Hercule-Louis Turinetti, marquis of Prié (Piedmont, 27 november, 1658 – Vienna, 12 januari, 1726), was interim Governor of the Habsburg Netherlands between 1716 and 1724.
The Italian Marquess de Prié was deputy for the absent governor-general, Prince Eugene of Savoy. Prié ruled in a highly despotic manner, which eventually turned the entire country against him. He overhauled the structure of the Brussels central government, replacing the former Council of State, Council of Finance and the Secret Council by one all encompassing Council of State under his own supervision. Because the reluctance of especially the Brabantine elite to cooperate with Priés new form of government the entire central administration was paralysed for several years, until in 1725 the emperor called Prié back to Vienna.[1]
Prié also upset the political elites in several towns in the Southern Netherlands. When the labour guilds of Antwerp and Brussels protested vigorously against the government taxes and tried to assert their ancient privileges, Prié caused the aged Frans Anneessens, syndic or chairman of one of these guilds, to be arrested and put to death (1719).
The citizens of Brussels have never forgotten to venerate the memory of their fellow-townsman as a martyr for public liberty. A square and a metro-station are named after Anneessens.
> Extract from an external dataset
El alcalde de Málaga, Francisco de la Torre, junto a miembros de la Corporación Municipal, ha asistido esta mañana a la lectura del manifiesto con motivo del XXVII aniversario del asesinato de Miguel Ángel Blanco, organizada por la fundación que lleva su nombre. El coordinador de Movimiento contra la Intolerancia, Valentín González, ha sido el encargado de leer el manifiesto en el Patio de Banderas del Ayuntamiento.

Prié also clashed with Claude Alexandre de Bonneval, the Austrian Master of the ordnance to the Low Countries and placed him in confinement. A court martial was again held upon de Bonneval, and he was condemned to death, but the Emperor commuted the sentence to one year's imprisonment and banishment. De Bonneval then offered his services to the Turkish government, was appointed to organize and command the Turkish artillery, eventually contributing to the Austrian defeat in the Austrian-Ottoman war.
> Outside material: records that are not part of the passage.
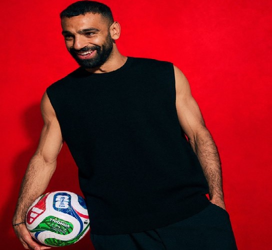 وظهر محمد صلاح في جلسة تصوير حصرية وهو يحمل كرة "تريوندا"، مؤكداً مكانته بين عمالقة اللعبة.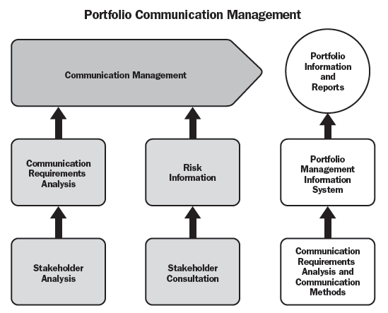 تصویر ذیل نمای کلی از مدیریت اربتاطات را نشان می دهد که شامل ذی نفعان، آنالیز نیازمندیهای ارتباطی،تمرکز مشاوره و مشارکت ذی نفعان برای شناسایی ریسکها و جریان ورودی مدیریت ارتباطات جهت اطلاعات و گزارش گیری پورتفولیو می باشد.ارتباطات پورتفولیو باعث تسهیل دو راه گوتگو موثر بین ذی نفعان داخلی، خارجی، اشخاص یا گروهها می شود که شامل :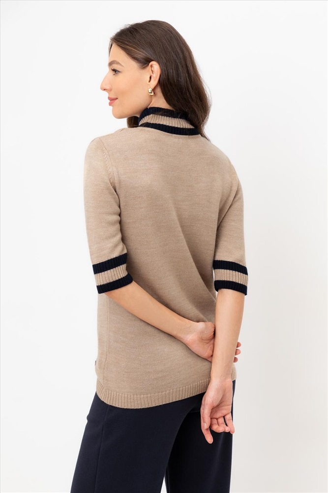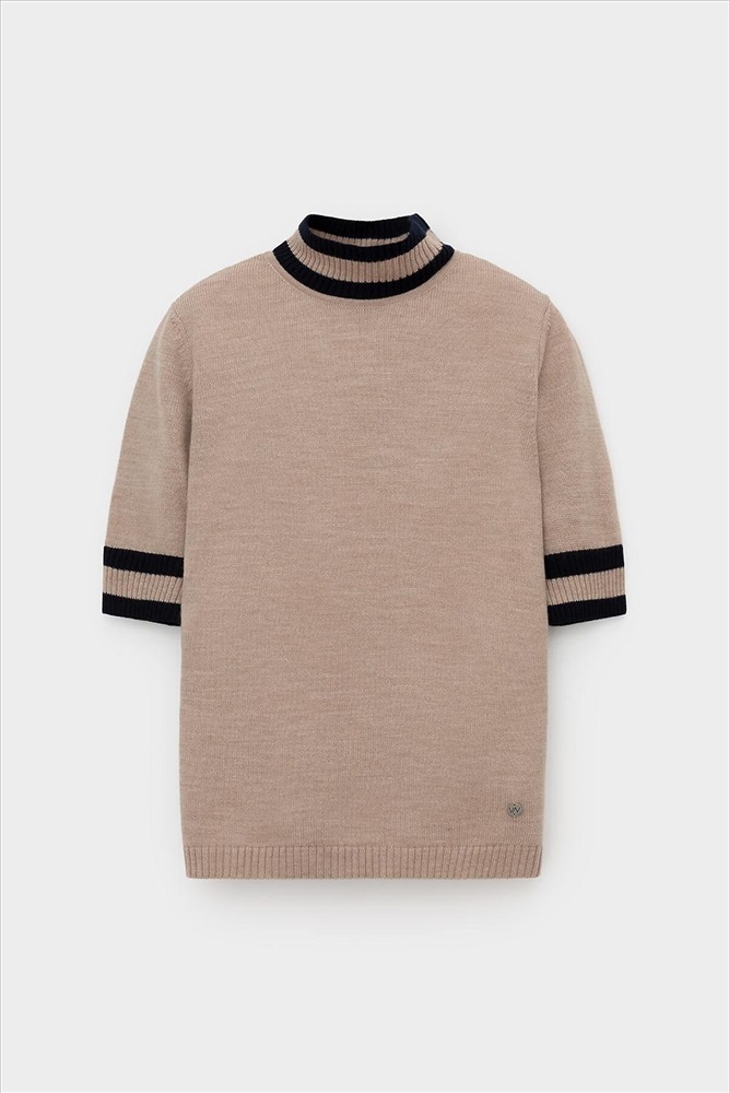 Джемпер в стиле прямой футболки, воротником-стойкой и короткими рукавами. Прямой силуэт, стандартная длина. Средняя плотность вязания, пластичная фактура. Выполнен гладью из мягкой полушерстяной пряжи. Шерсть в составе сохраняет тепло, а благодаря волокнам акрила изделие мягкое и дольше сохраняет форму. Все вязаные изделия проходят дополнительную влажно-тепловую обработку по итальянской технологии, что гарантирует минимальную усадку во время носки. Сделано в России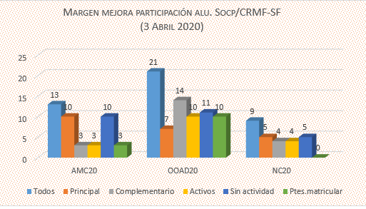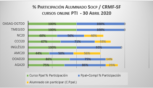 La respuesta del alumnado es buena. El 84% se conectó durante la 1º semana, pero seguimos trabajando y aspirando a la incorporación del 100% del alumnado, en el proceso de enseñanza y aprendizaje online del SOCP del CRMF-SF.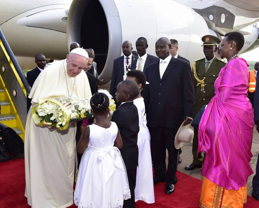 Az ugandai nép az entebbe-i repülőtéren pergő dobokkal és törzsi tánccal várta a Szentatyát, és a repülőtérről az elnöki palotáig vezető 7 km-es úton is nagy tömeg üdvözölte őt.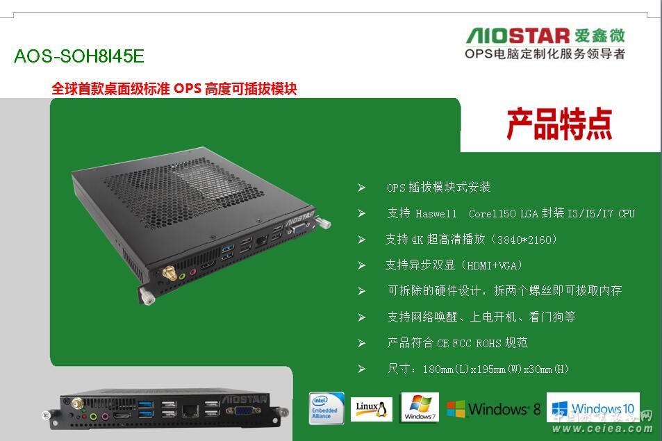 產(chǎn)品詳細介紹深圳市愛鑫微電子有限公司為更好的配合不同廠家的要求,可提供OPS主板與OPS準系統(tǒng)的方案配合各個廣告機,觸控一體機廠家,多媒體壁掛式教學(xué)一體機,數(shù)字標牌,錄播觸控一體機,同時保證所提供OPS主板與OPS插拔式電腦/OPS-C插拔式電腦主機是完全按照INTEL OPS規(guī)范定義的,完全支持鴻合教育一體機、東方中原教育一體機、創(chuàng)維教育一體機、康佳教育一體機、中銀液晶觸控一體機、中電數(shù)碼教育一體機、海爾觸控一體、TCL觸控一體機、KTC/HKC/HPC等各大交互式教育觸控一體機廠家,愛鑫微電子提供專業(yè)的定制化服務(wù)OEM/ODM. 聯(lián)系電話:18620397178 QQ:46078934 現(xiàn)階段我司已推出了一系列OPS電腦方案如下: 頂極OPS插拔式電腦方案:H110+6代CPU+2G獨立顯卡(GT730/GT850/GT950) 高端:H110+6代CPU (市場最新方案 4K極清方案)歡迎客戶取樣測試。支持4組USB3.0+3組USB2.0+3組異步顯示(VGA+HDMI+DP)+3組網(wǎng)口(可以直接接IP攝像機進行錄播與監(jiān)控或者網(wǎng)絡(luò)內(nèi)外網(wǎng)隔離進行封標) 中高端:H81+4代CPU/HM86+4-5代CPU(市場主流) 中端:H61+2-3代CPU/HM65+2-3代CPU(高性價比) 低端:baytrailJ1800/J1900無風(fēng)扇低成本的OPS電腦(幼教觸控一體機專用) 深圳市愛鑫微電子有限公司(以下簡稱“AIOSTAR”)是一家集研發(fā)、生產(chǎn)和銷售于一體的高新技術(shù)企業(yè),同時是Intel、AMD、NVIDIA等芯片廠商緊密的合作伙伴。公司主營工業(yè)主板(ITX/3.5寸/NANO等)、媒體播放主機、OPS主機、OPS可插拔式電腦模塊、OPS主板、BOX-PC、網(wǎng)絡(luò)安全硬件平臺、服務(wù)器、工業(yè)平板電腦、一體化工作站等產(chǎn)品。目前,產(chǎn)品已廣泛應(yīng)用于DS、MIDS、IWB、POS、自助查詢、零售金融、工業(yè)自動化,智能交通,網(wǎng)絡(luò)信息安全,通訊、智能安防,云計算、石油石化、醫(yī)療、軍事裝備等多個領(lǐng)域。公司高度重視客戶的需求和滿意度,針對不同的客戶需求,能夠快速做出積極的響應(yīng),為其進行量身設(shè)計并提供個性化的OEM/ODM服務(wù)。 愛鑫微電子本著以“人才是企業(yè)的財富,效益是追求的目標,發(fā)展是永恒的主題”為宗旨;以“客戶至上,品質(zhì)為尊“為原則;提倡“博愛”“齊鑫”“微天下”的意愿,愿與全球各地的企業(yè)商家攜手合作,共謀發(fā)展!

In the fall of 1724 prince Eugene resignated from his governorship of the Netherlands, which caused Prié to lose his only support. Emperor Charles VI decided to intervene and released Prié of his functions. A commission was appointed to examine his rule, but Prié died only a year later, before the commission reached its final conclusions. The emperor left office of governor general to his sister Maria-Elisabeth.
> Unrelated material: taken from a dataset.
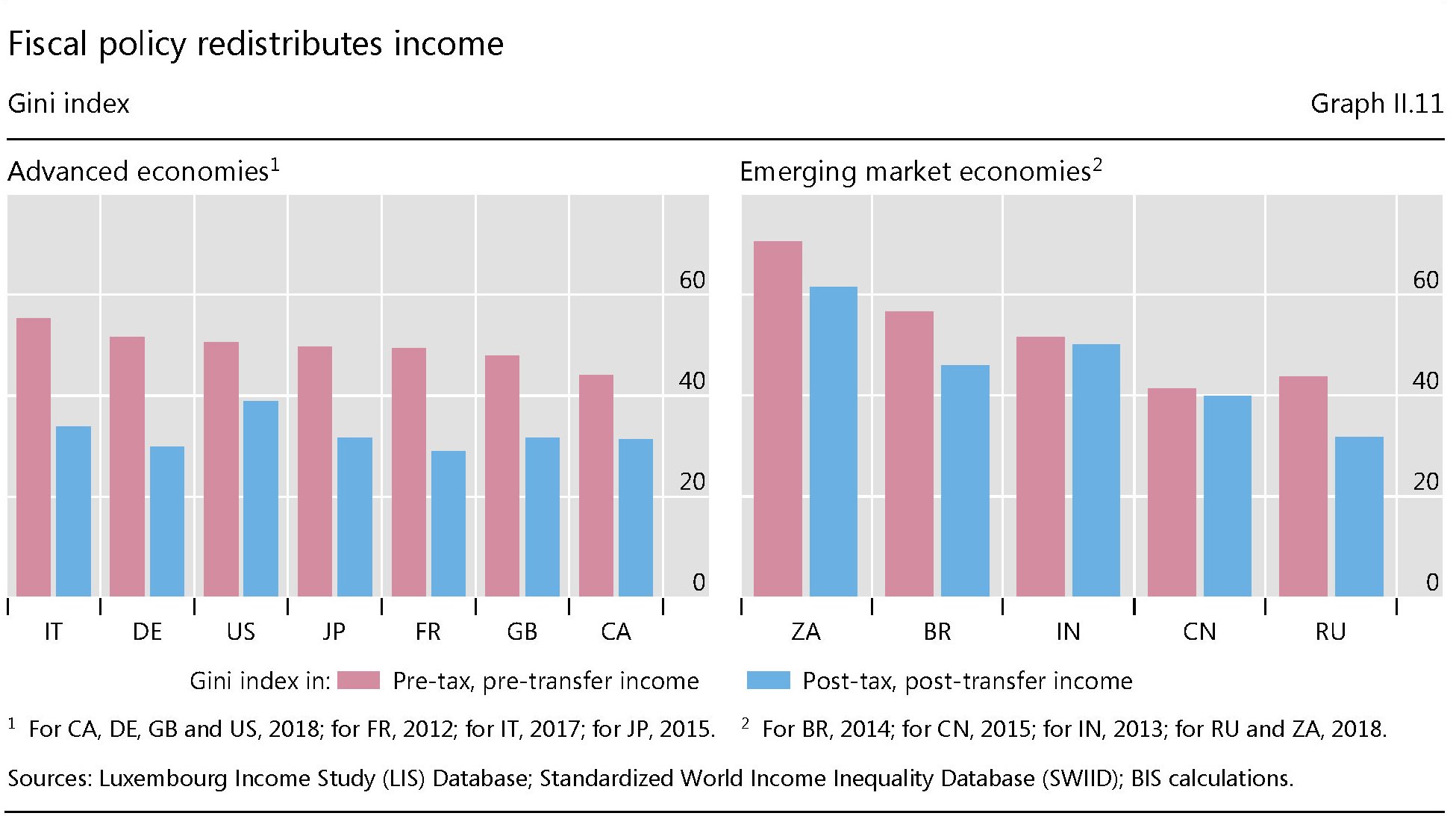 C’è un’altra cosa da ricordare. Quando parliamo di diseguaglianza dei redditi, dovremmo specificare sempre – cosa che raramente si fa – se la misuriamo prima o dopo l’imposizione fiscale e il contributo dei trasferimenti pubblici. Perché le differenze, misurate con l’indice di Gini, sono rilevanti, come si evince dal grafico (sotto) elaborato dalla Bis.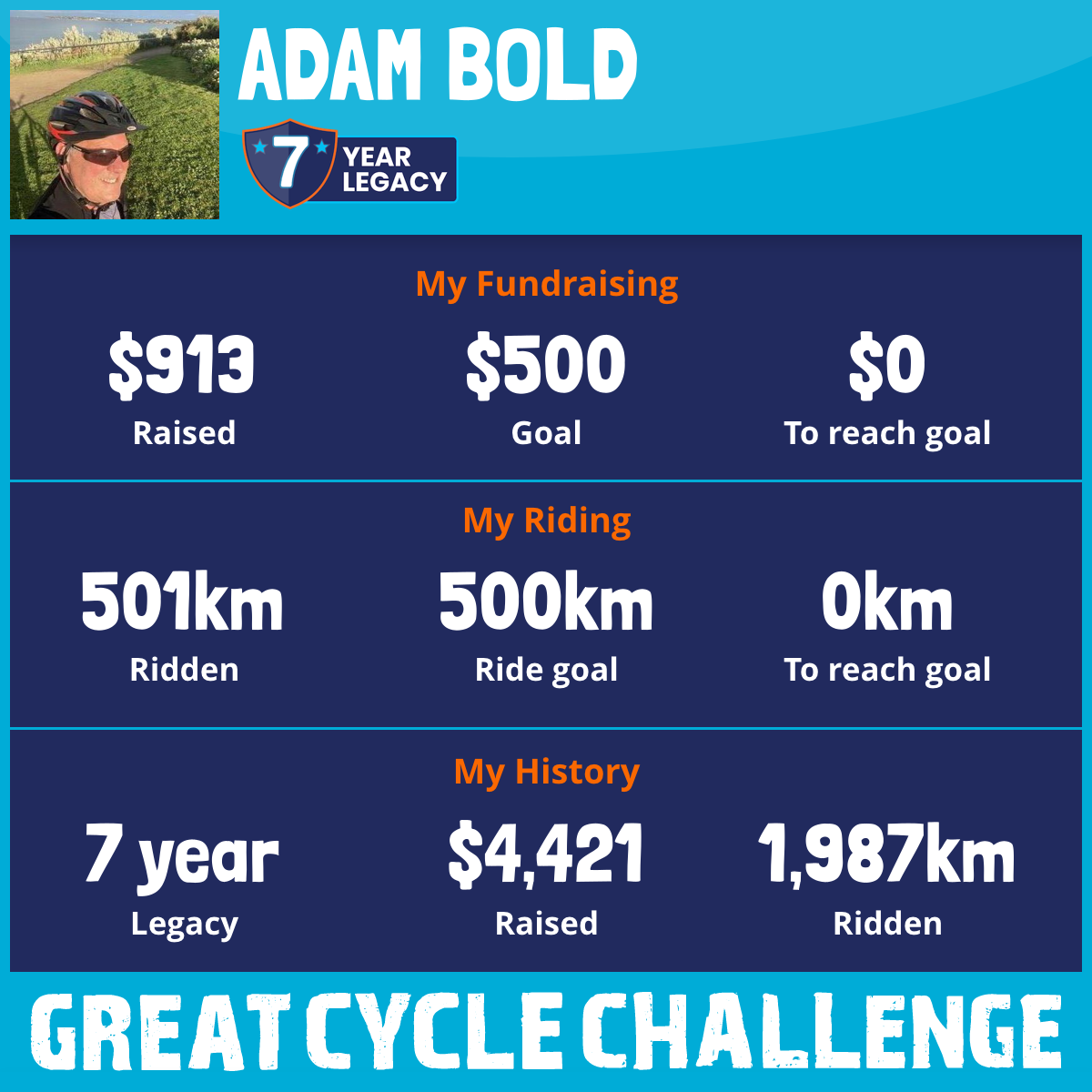 501 km Ridden$913 Raised2026

M. Huisman, “Prié, Hercule-Joseph Turinetti, marquis de”, Biographie Nationale, XVIII (1905), pp. 231-243.
Ghislaine De Boom, Les ministres plénipotentaires dans les Pays-Bas autrichiens, principalement Cobenzl, Brussels: Académie Royale de Belgique (1932).
R. Zedinger, Die Verwaltung der Österreichischen Niederlande in Wien (1714 - 1795), Vienna-Cologne-Weimar, Böhlau Verlag (2000).